Bentuk - Bentuk Hukuman di Akademi Kepolisian

Written By Rison Sarundaek on Selasa, 15 November 2011 | 19.43

Penganiayaan di Akademi Kepolisian terjadi dalam berbagai bentuk. Taruna angkatan baru selalu jadi bulan-bulanan seniornya. Pelanggaran sekecil apapun bisa memancing terjadinya kekerasan. seorang Taruna yang terlambat datang ketika dipanggil kaka kelasnya bisa dipukuli habis-habisan. Lantaran sudah menjadi tradisi, setiap bentuk kekerasan punya nam khusus dikalangan para senior. memukul pipi kanan dan kiri korvban secara berulang-ulang, misalnya, diberi nama "kipas cendrawasih".

Tak aneh jika kemudian yang berkembang di sekolah perwira pilisi itu adalah budaya kekerasan dan ketaatan membabi buta kepada atasan. Diskusi akademis, sikap kritis, dan kreativitas memcahkan masalah tidak menjadi bagian dari keseharian para taruna. karakter mereka dibentuk dalam disiplin kaku dan penyeragaman prilaku. sebagian masalah di Kepolisian kita bersumber dari sini.

Bentuk Hukuman

Dewa Ruci : Tarunadiminta berdiri dengan posisi kepalah di bawah. Tangan bertumpu di pinggang belakang. setelah itu, para senior memukul punggung adik kelasnya dengan gagang sapu atau kayu panjang.



Paku Bumi: Taruna diminta meletakkan satu tangan di lantai, sementara tangan lain memegang kepala. setelah itu, taruna diminta berputar-putar dengan satu tangan dilantai sebagai poros.

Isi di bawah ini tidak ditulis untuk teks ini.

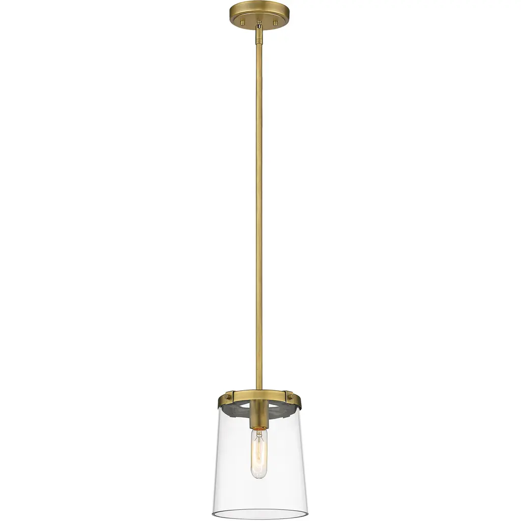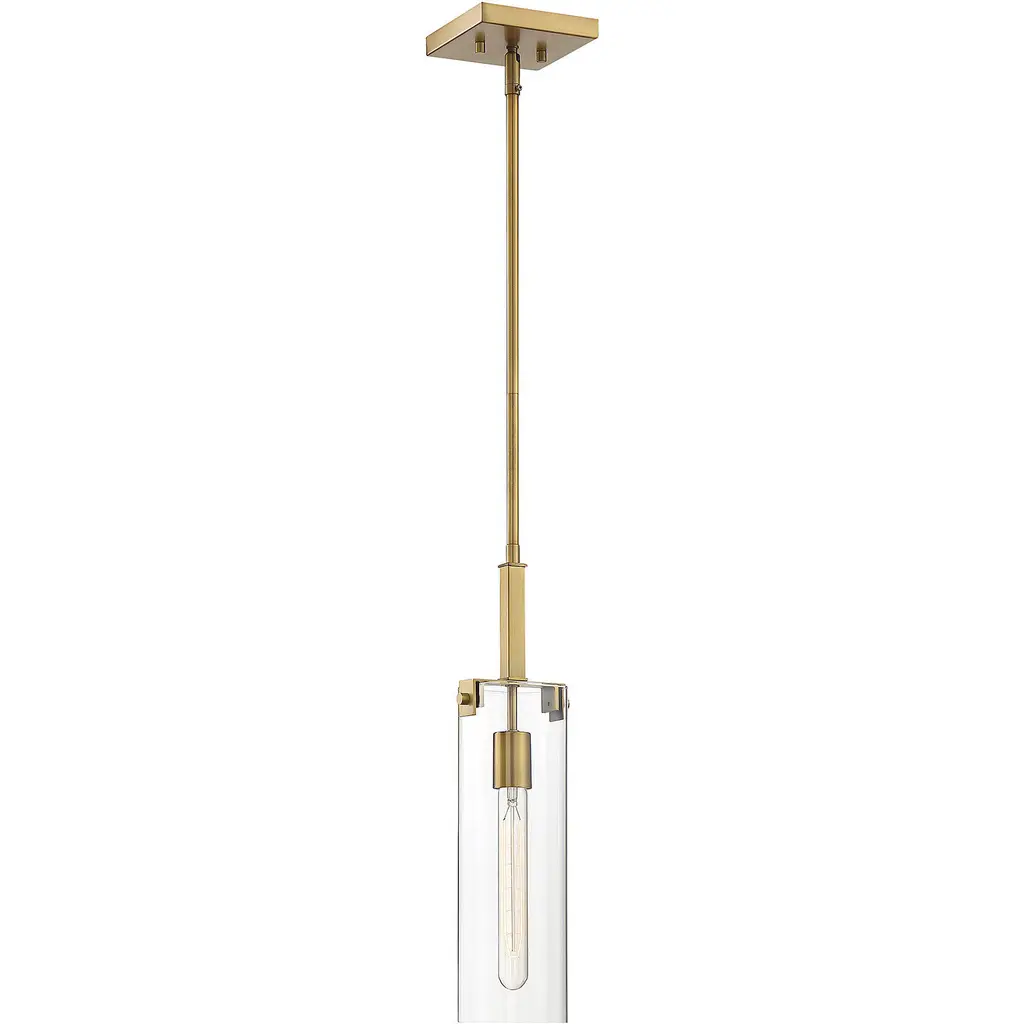 Collection: Intersection, Material: Steel, Finish Color: Burnished Brass, Width: 3.5", Height: 8.5", Depth: 3.5", Lamping Type: Incandescent, Number Of Bulbs: 1, Wattage: 60 Watts, Dimmable: No, Moisture Rating: Dry Rated, Desc: The blend of styles (modern, industrial and chic) is incorporated beautifully into the design of the Intersection 60-7529 mini pendant. The cylindrical clear glass shades showcase a vintage filament bulb for a touch of nostalgia. The luster of the rich, burnished brass will pair superbly with existing finishes. Apply to a kitchen island or above a sink, or install several of the mini pendants in a dining area: a great design for any room. Uses one 60-watt incandescent medium base bulb Fixture measures 3.5 inch diameter x 8.5 inch height Rated for indoor use in dry locations Finished in burnished brass with clear glass Adjustable height to suit your needs Limited one year fixture warranty. Canopy Included: Yes / Canopy Diameter: 4.75 / Rod Length(s): 36
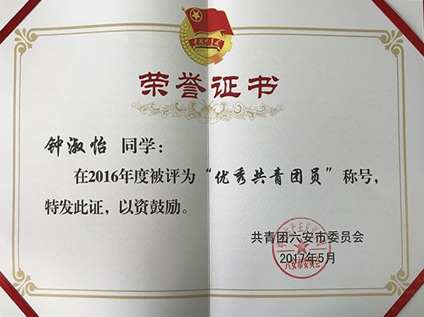 钟淑怡同学获得2...
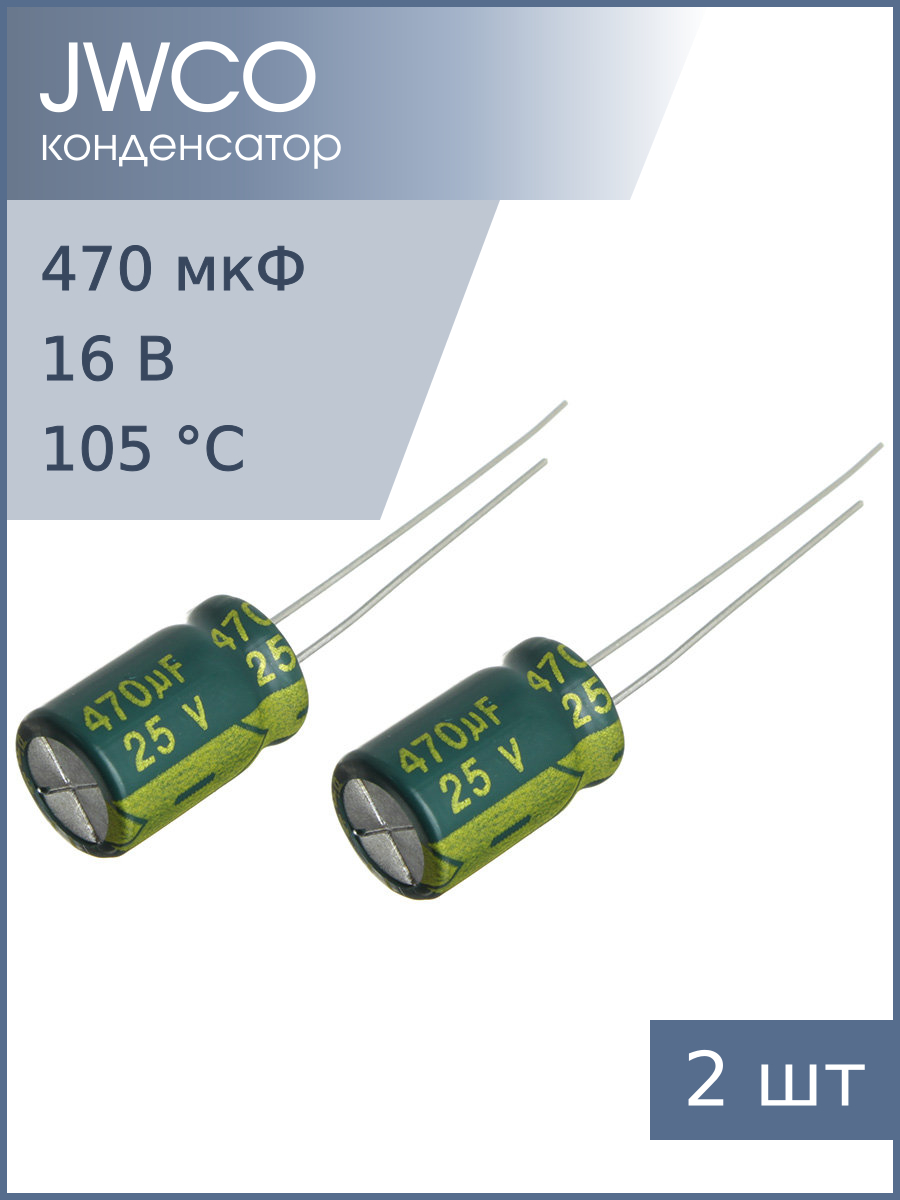 Конденсатор 470мкФ 25В 8*12мм 105С (упаковка 2шт) JWCO LF471M1EBKJ0812EGN 810мА 4000час
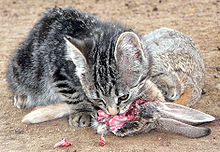 To date, there are few scientific data available to assess the impact of cat predation on prey populations. Even well-fed domestic cats may hunt and kill, mainly catching small mammals, but also birds, amphibians, reptiles, fish and invertebrates. Hunting by domestic cats may be contributing to the decline in the numbers of birds in urban areas, although the importance of this effect remains controversial. In the wild, the introduction of feral cats during human settlement can threaten native species with extinction. In many cases controlling or eliminating the populations of non-native cats can produce a rapid recovery in native animals. However, the ecological role of introduced cats can be more complicated: for example, cats can control the numbers of rats, which also prey on birds' eggs and young, so in some cases eliminating a cat population can actually accelerate the decline of an endangered bird species in the presence of a mesopredator, controlled by cats.
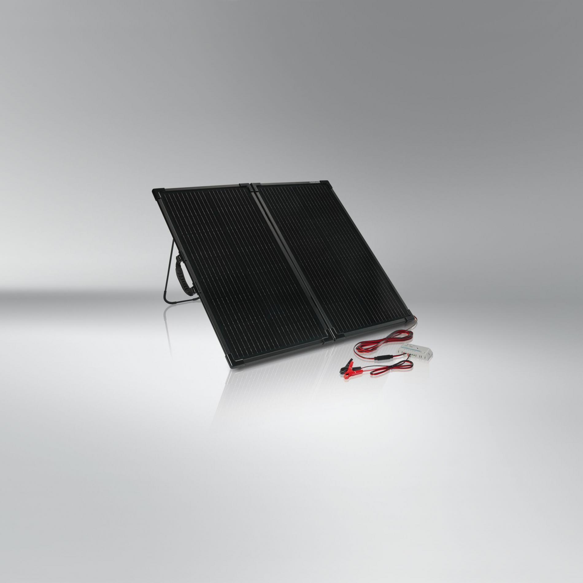 OSRAM BATTERYcharge SOLAR 100W je vysoce výkonný přenosný solární panel určený k nabíjení a údržbě 12V baterií pro volný čas. Díky výkonným monokrystalickým článkům v odolném hliníkovém rámu poskytuje až 100 W solární energie – ideální řešení pro karavany, obytné vozy, lodě i kemping.

Hukuman berlangsung sampai taruna sempoyongan dan kesulitan berdiri tegak.



Korea: Taruna diminta melakukan push-up, tapi kedua tangan disatukan didepan dada.
Kayang dengan Kepalah: taruna diminta melakukan kayang, tapi bukan dengan tangan yang menjadi tumpuan melainkan kepala




Roket: Taruna diminta berdiri dengan posisi kepalah di bawah. tubuh merapat ketembok, untuk memberi keseimbangan. biasanya dilakukan berjam-jam tanpa istirahat.



Setrum : Taruna disetrum dengan kabel yang serabutnya dibiarkan telanjang.
Torpedo: kaki bagian depan taruna dihajar dengan tendangan beruntun oleh seniornya. si senior menggunakan sepatu laras.

Pukulan dua setengah kancing: Taruna dipukultepat di ulu hati, kadang tanpa peringatan.

Pukulan Argo: Taruna dipukul rahangnya keras-keras dari belakang


Kipas Cendrwasi: Pipi kakan dan kiri taruna ditempeleng berulang-ulang. untuk menguatkan efek, biasanya dilakukan dengan kopel pramuka

3 Komentar:

Anonim mengatakan...

Waduh sadis banget boz !, kacau dah...sama aja kayaknya dimana-mana ada kekerasan.

Derra Prasetya mengatakan...

Gila bener

Derra Prasetya mengatakan...

Gila bener

Poskan Komentar

Related Posts Plugin for WordPress, Blogger...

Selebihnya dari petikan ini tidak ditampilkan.